Primary Outcome Measures

Name	Time	Method
Progression free survival -1	From initial medication to the date of first documented progression or end of medication, whichever came first . Assessed up to 18 months.	The time from initiation of maintenance therapy to first recording of PD or death, whichever occurs first. To investigate antitumor efficacy of study.

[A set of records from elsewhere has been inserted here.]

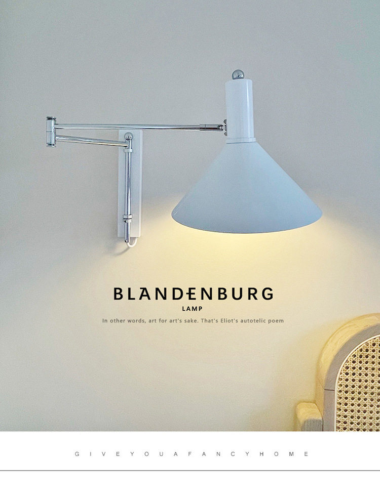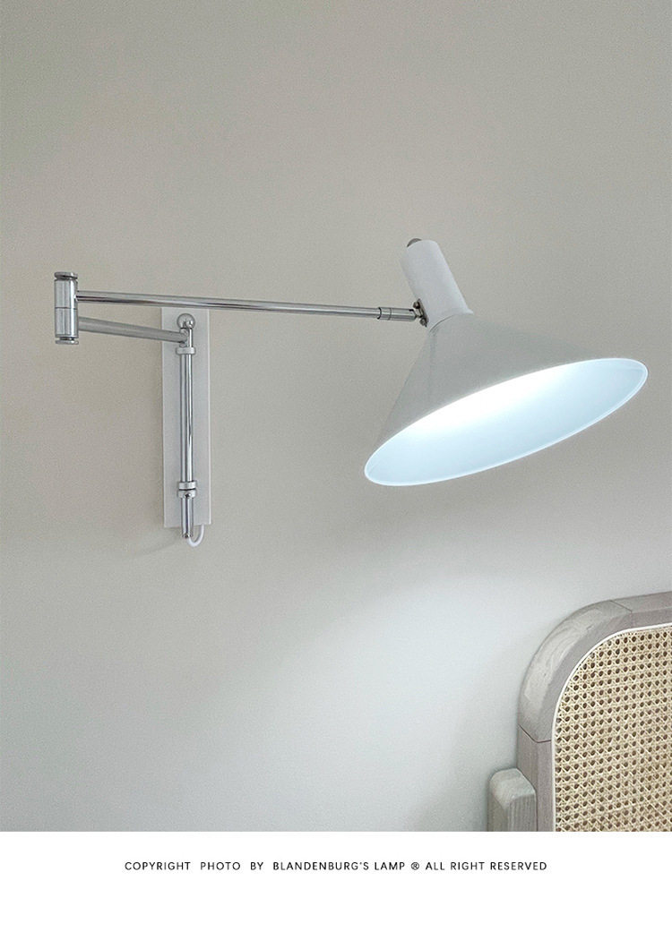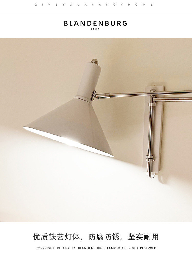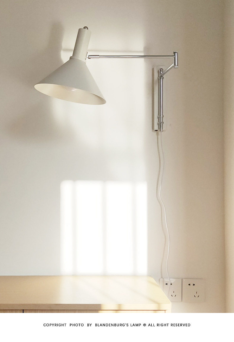 布线可折叠墙壁书房墙灯免壁灯床头红色包豪斯壁灯中古长臂摇臂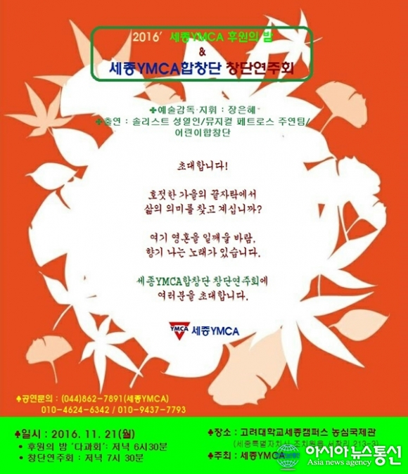 | 세종시 YMCA가 오는 21일 오후 6시 30분부터 고려대 세종캠퍼스 농심국제관에서 후원의 밤과 합창단 창단연주회를 갖는다. 사진은 행사 포스터.(사진제공=세종YMCA) |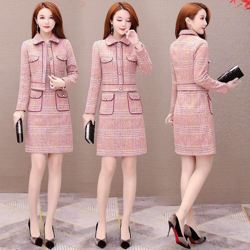 两件套连衣裙2021秋冬新款名媛小香风套装裙女人味初秋打底裙潮女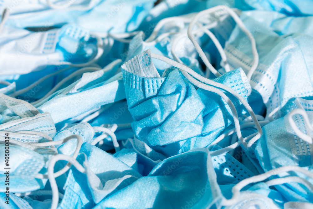 Texture of protective face masks, wrinkled trash, garbage, dirty and discarded, symbol of the health decadence and the global crisis of the COVID-19 pandemic.

Secondary Outcome Measures

Name	Time	Method
Progression free survival -2	The time from the start of first-line treatment to the maintenance of PD treatment or death, whichever occurs first. Assessed up to 24 months.	The time from the start of first-line treatment to the maintenance of PD treatment or death, whichever occurs first. To investigate antitumor efficacy of study.
Objective response rate	From initial medication to the date of first documented progression or end of medication, whichever came first. Assessed up to 18 months	To investigate antitumor efficacy of study.
Disease control rate	From initial medication to the date of first documented progression or end of medication , assessed up to 18 months.	To investigate the preliminary antitumor efficacy of study.
Overall survival	From initial medication to the date of death from any cause, Assessed up to 30 months.	To investigate antitumor efficacy of study.
Incidence of adverse events and severity of adverse events as assessed by CTCAE 5.0	Assessed up to 6 months.	To assess the incidence and severity of adverse events in combination regimens.